Metadata-Version: 2.1
Name: open-captcha
Version: 0.1.3
Summary: CAPTCHA challenges generated from your service's data
Home-page: https://github.com/hasadna/OpenCaptcha
Author: Hasadna
Author-email: info@hasadna.org.il
License: MIT
Description: # OpenCaptcha
        
        [![Build Status](https://img.shields.io/travis/hasadna/OpenCaptcha/master.svg)](https://travis-ci.org/hasadna/OpenCaptcha)
        [![Coveralls](http://img.shields.io/coveralls/hasadna/OpenCaptcha.svg?branch=master)](https://coveralls.io/r/hasadna/OpenCaptcha?branch=master)
        
        OpenCaptcha is a completely self hosted CAPTCHA library that allows web app 
        developers to generate challenges based on data specific to their site.
        The information from those challenges is presented graphically to the user 
        (as an image - typically a chart), who then needs to choose the correct answer 
        out of a closed set of options, based on the information in the image.
        
        For example, a site sharing information about the coronavirus outbreak may
        generate a bar chart showing the 3 countries with the most active 
        cases for that day and ask the user to respond with the country that had the 
        most cases. The types of challenges available are templates that can be 
        configured by the hosting site as described below.
        
        ## Installation
        Run `pip install open-captcha`
        
        ## Using OpenCaptcha on your site
        To use OpenCaptcha, the site's backend needs to provide the following:
        - **Data tables** the templates can use to generate challenges. The data would 
        usually be SELECTed from the site's DB.
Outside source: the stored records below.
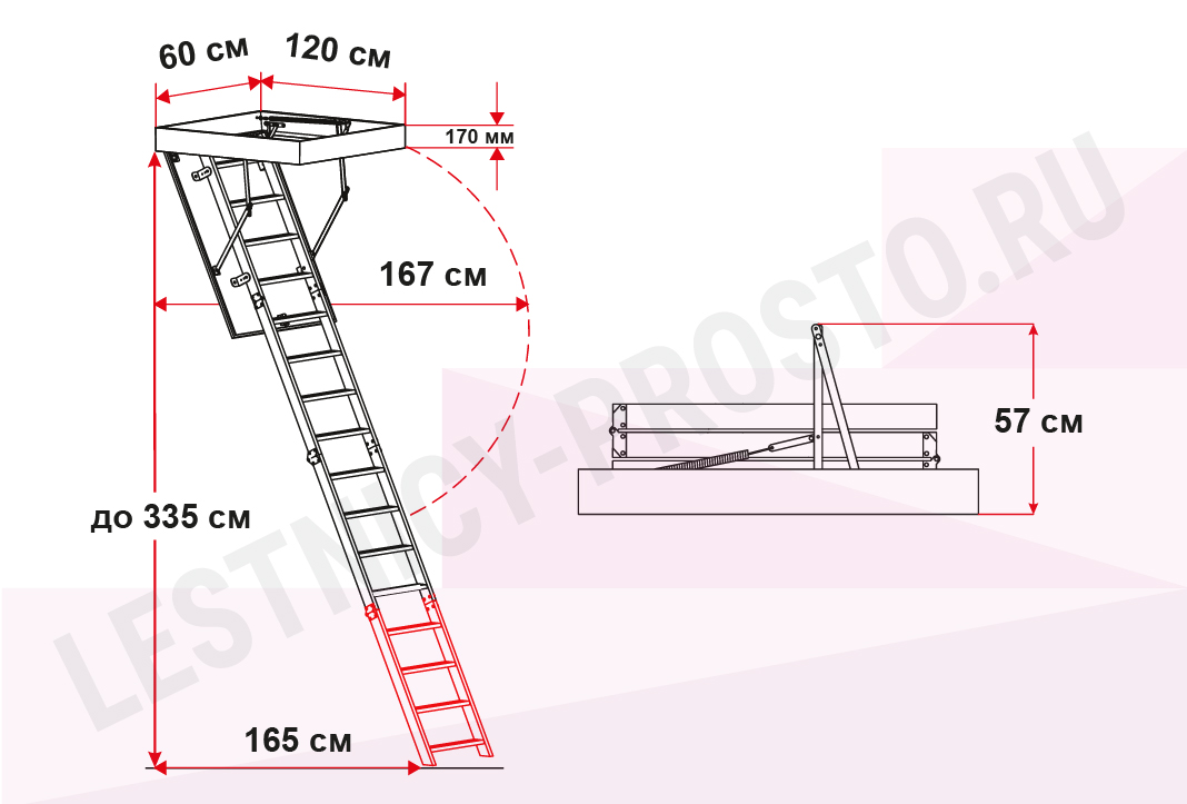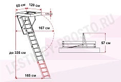 Модель EXTRA идеальна для условий, когда чердак плохо утеплен и требует дополнительной теплоизоляции. По контуру короба одинарный уплотнитель. Лестница имеет нескользящие ножки, которые идеально прилегают к земле, предотвращают появление царапин на поверхности пола и придают эстетичный вид после ее резки. 4-х секционная складная чердачная лестница. Высота потолка до 3350 мм.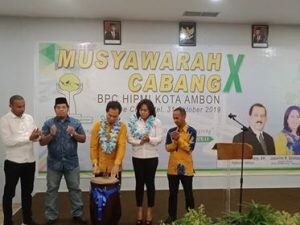 AMBON,MRNews.com,- Setelah menjadi calon tunggal, Yermia Padang pun secara resmi ditetapkan menjadi ketua umum BPC Himpunan Pengusaha Muda Indonesia (HIPMI) kota Ambon periode 2019-2022 melalui forum musyawarah cabang (Muscab) X BPC HIPMI kota Ambon di The City Hotel, Kamis (31/10/19) yang secara aklamasi menyetujui pencalonan Yermia. Bendahara umum BPD HIPMI Maluku itu pun berkomitmen siap bersinergi dengan pemerintah kota (Pemkot) kedepan.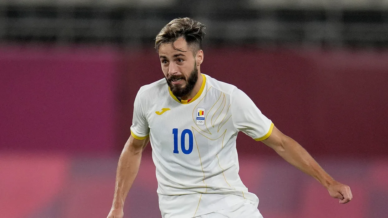 Andrei Ciobanu of Romania dribbles the ball during a men's soccer match against South Korea at the 2020 Summer Olympics, Sunday, July 25, 2021, in Kashima, Japan. (AP Photo/Fernando Vergara)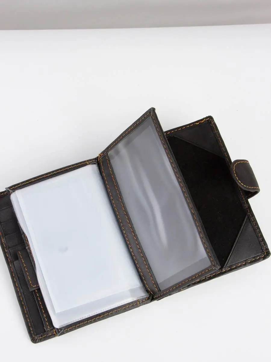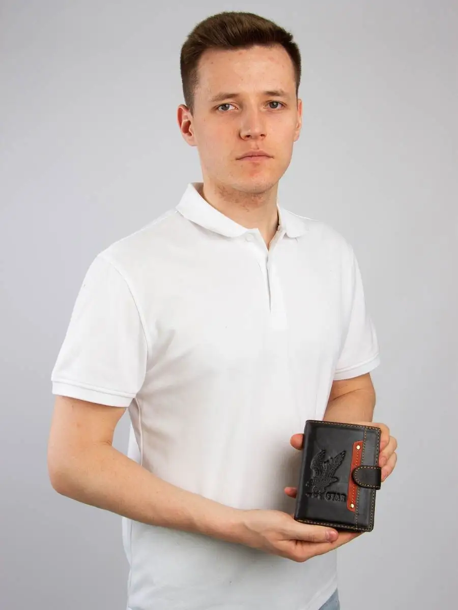 Кошелек мужской из натуральной кожи 3 в 1. Портмоне – это многофункциональный аксессуар, является не только необходимостью, но и дополнением к общему образу и имиджу. Позволяет хранить внутри многочисленных отсеков и кармашках не только финансовые средства, но и банковские карты, визитки, всевозможные купоны, документы и прочие мелочи. Вопрос, как правильно выбрать мужской кошелек, актуален неспроста, так как этот аксессуар имеет свойство быстро изнашиваться в силу постоянной эксплуатации. Бумажник на магнитной застежке-защелке имеет картхолдер из 7 отсеков для банковских карт и/или визиток, одно отделение под купюры, кармашек для мелочи (монет). Разворот с прозрачными отсеками для хранения документов, в том числе для авто. Третий разворот для паспорта или военного билета. Вся фурнитура и швы прочные, долговечные, что обеспечит длительное время использования. Необходим в любое время года: летом, зимой, весной и осенью. Вместительный, но компактный. Без молнии, однотонный без принта, с логотипом. Хороший подарок для мальчика, подростка, друга, любимого мужа, сына, парня, коллеги. На день рождения, новый год, юбилей или любой другой повод. Каталог нашего интернет-магазина брендовых мужских кошельков включает черный и коричневый цвета с разными оттенками, в разном ценовом сегменте в том числе недорогие. Как ухаживать за изделием: 1. Не сушить. 2. Не оставлять надолго на солнце. 3. Не чистить мылом и обильным количеством воды. 4. Ухаживать при помощи «жидкой» кожи. 5. Периодически восстанавливайте блеск при помощи крема или глицерина.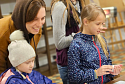 На занятии дети и родители вместе украшали вареные яйца, выбирая цветочные мотивы и создавая один большой пасхальный сад. 🌼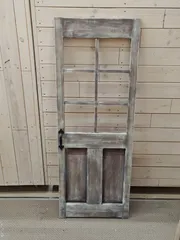 隣家との塀のアイデア。 ■作品内容隣家との間の塀のアイデア ■こだわりポイントWSで作ったアンティークドアを使用。周辺の雑貨もWS作品でまとめた。アンティークドアの窓部分は100均一で購入。ドアの裏側に購入した額受けを逆さに付けて隣家とのフェンスに固定。ドアの左右にはスノコをドアの色と同じバニラを購入して塗装。同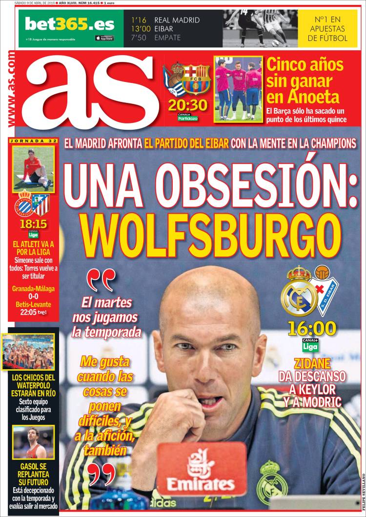 Es esto lo que no entiende (no quiere entender) la portada que hoy nos presenta el diario As. Llama obsesión a la ilusión, al empuje, a las ganas de enmendar un mal resultado, al estímulo extra que el partido de ida supone, a la atención plena que exigen las grandes citas, a la responsabilidad que tiene el Madrid con su afición y con su competición preferida.

        - A **configuration** for a set of pre-built challenge templates. This would 
        usually come in the form of a static JSON config file. Each configuration item
        tells open-captcha which template to use and provides the configuration for it
        to generate unique challenges from the data. 
        
        When a challenge is generated (see flow below), it consists of three parts:
        - A `Challenge` structure comprising the information shown to the user. Specifically:
            - The question (string).
            - A chart (PNG image) shown to the user.
            - A list of possible answers (strings).
        - A `ServerContext` structure, which should be stored on the server and is used
        to verify the user's answer.
        - A `ChallengeID`, which is an opaque token used to connect the `Challenge` to
         its `ServerContext`. 
        
        The suggested backend flow would be:
        1. At startup, construct a `CaptchaGenerator` object, providing it with data 
        tables and the configuration for the templates you want to use.
        1. Call `generator.generate_challenge()`, which randomly selects one of the templates
        and uses it to generate a triplet of `ChallengeId`, `Challenge` and `ServerContext`.
        1. The server should store the `ServerContext` on some cache service (e.g. redis),
        keyed by the `ChallengeId`. The context should be stored with a short TTL (but long
        enough to allow legitimate users to answer the question).
        1. The `Challenge` and `ChallengeId` are then sent to the client, which presents
        them to the user. Once the user answers, the user's answer is sent together with 
        the `ChallengeId` back to the server for verification.
        1. The server retrieves the `ServerContext` from cache using the `ChallengeId`.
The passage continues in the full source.